### PROVIDED MATERIAL
_ _ _ _ _
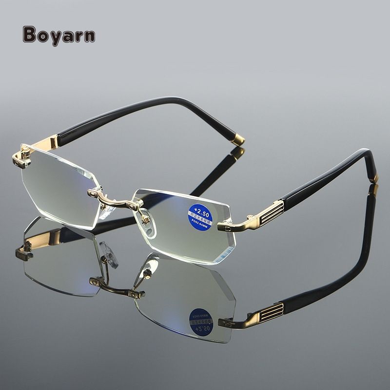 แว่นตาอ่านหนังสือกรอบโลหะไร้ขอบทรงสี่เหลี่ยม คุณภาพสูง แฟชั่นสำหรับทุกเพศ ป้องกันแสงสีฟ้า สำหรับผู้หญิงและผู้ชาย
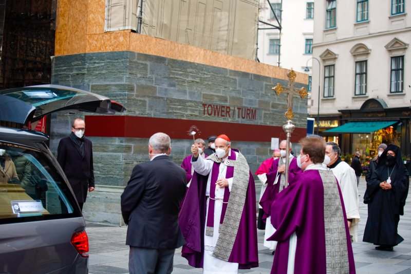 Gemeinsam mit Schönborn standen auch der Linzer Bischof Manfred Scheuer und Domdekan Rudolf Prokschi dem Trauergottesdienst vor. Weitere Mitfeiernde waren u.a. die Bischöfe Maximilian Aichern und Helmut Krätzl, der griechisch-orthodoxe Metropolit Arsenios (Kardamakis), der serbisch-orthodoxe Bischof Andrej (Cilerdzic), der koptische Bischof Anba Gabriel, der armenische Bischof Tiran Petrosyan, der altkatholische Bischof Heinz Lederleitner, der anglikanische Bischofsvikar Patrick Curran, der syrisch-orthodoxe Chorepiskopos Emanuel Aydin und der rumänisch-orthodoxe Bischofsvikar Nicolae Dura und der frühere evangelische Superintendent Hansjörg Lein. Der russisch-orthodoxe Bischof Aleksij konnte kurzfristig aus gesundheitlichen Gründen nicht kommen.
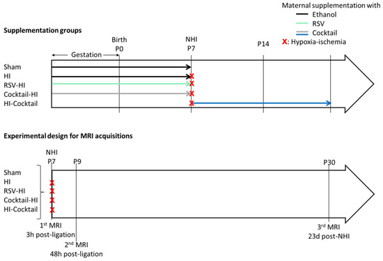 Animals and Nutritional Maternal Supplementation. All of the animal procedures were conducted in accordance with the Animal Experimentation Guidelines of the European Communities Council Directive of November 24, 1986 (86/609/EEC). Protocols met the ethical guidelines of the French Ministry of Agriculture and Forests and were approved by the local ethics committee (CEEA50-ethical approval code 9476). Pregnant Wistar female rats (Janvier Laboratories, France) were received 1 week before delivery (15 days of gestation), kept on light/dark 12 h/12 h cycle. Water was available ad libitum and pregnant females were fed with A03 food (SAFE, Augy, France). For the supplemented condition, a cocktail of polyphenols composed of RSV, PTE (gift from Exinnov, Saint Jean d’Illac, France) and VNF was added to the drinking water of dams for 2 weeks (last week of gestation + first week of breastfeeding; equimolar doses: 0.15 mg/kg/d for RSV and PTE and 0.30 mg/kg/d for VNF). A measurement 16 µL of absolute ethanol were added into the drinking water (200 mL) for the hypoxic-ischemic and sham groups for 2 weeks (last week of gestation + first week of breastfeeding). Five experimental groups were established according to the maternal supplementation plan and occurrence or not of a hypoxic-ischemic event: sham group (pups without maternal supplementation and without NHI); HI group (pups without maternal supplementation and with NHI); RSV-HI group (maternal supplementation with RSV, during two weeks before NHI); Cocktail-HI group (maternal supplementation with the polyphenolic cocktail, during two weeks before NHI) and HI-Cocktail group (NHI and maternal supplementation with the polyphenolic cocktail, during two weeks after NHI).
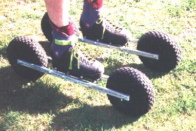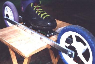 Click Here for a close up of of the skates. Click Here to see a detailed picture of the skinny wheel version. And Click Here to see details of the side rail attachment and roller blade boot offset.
_ _ _ _ _
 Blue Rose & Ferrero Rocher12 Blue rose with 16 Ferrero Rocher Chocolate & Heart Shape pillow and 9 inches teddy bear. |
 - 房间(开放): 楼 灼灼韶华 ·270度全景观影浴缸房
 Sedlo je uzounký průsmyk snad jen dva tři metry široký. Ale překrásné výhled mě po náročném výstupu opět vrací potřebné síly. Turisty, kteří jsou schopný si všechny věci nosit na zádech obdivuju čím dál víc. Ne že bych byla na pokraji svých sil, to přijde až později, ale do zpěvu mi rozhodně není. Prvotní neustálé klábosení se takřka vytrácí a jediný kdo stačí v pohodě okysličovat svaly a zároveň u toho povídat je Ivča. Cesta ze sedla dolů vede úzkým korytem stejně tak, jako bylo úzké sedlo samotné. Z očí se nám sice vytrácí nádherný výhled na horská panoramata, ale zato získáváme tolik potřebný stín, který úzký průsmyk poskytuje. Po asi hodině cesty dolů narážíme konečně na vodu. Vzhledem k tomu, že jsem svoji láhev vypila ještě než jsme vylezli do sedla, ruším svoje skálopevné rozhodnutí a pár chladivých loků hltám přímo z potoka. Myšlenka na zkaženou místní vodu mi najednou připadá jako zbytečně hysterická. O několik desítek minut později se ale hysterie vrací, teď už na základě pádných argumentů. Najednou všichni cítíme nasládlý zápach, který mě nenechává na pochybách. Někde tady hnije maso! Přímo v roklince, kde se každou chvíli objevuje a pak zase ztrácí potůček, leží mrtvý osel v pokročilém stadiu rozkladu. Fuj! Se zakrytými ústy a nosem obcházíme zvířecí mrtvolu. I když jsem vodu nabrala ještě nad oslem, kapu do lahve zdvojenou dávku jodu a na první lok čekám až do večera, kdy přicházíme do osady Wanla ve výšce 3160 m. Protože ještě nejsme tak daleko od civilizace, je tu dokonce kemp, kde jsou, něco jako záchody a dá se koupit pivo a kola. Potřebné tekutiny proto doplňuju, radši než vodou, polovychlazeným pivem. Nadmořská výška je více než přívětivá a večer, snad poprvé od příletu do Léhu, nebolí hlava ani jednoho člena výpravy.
_ _ _ _ _
### EXERCISE BRIEF
Print exactly the lines above that run from the one with "แฟชั่นสำหรับทุกเพศ ป้องกันแสงสีฟ้า สำหรับผู้หญิงและผู้ชาย" down to the one with "Gemeinsam mit Schönborn", and omit the pictures.

### RESULT FOR THIS TASK
 แว่นตาอ่านหนังสือกรอบโลหะไร้ขอบทรงสี่เหลี่ยม คุณภาพสูง แฟชั่นสำหรับทุกเพศ ป้องกันแสงสีฟ้า สำหรับผู้หญิงและผู้ชาย
 Gemeinsam mit Schönborn standen auch der Linzer Bischof Manfred Scheuer und Domdekan Rudolf Prokschi dem Trauergottesdienst vor. Weitere Mitfeiernde waren u.a. die Bischöfe Maximilian Aichern und Helmut Krätzl, der griechisch-orthodoxe Metropolit Arsenios (Kardamakis), der serbisch-orthodoxe Bischof Andrej (Cilerdzic), der koptische Bischof Anba Gabriel, der armenische Bischof Tiran Petrosyan, der altkatholische Bischof Heinz Lederleitner, der anglikanische Bischofsvikar Patrick Curran, der syrisch-orthodoxe Chorepiskopos Emanuel Aydin und der rumänisch-orthodoxe Bischofsvikar Nicolae Dura und der frühere evangelische Superintendent Hansjörg Lein. Der russisch-orthodoxe Bischof Aleksij konnte kurzfristig aus gesundheitlichen Gründen nicht kommen.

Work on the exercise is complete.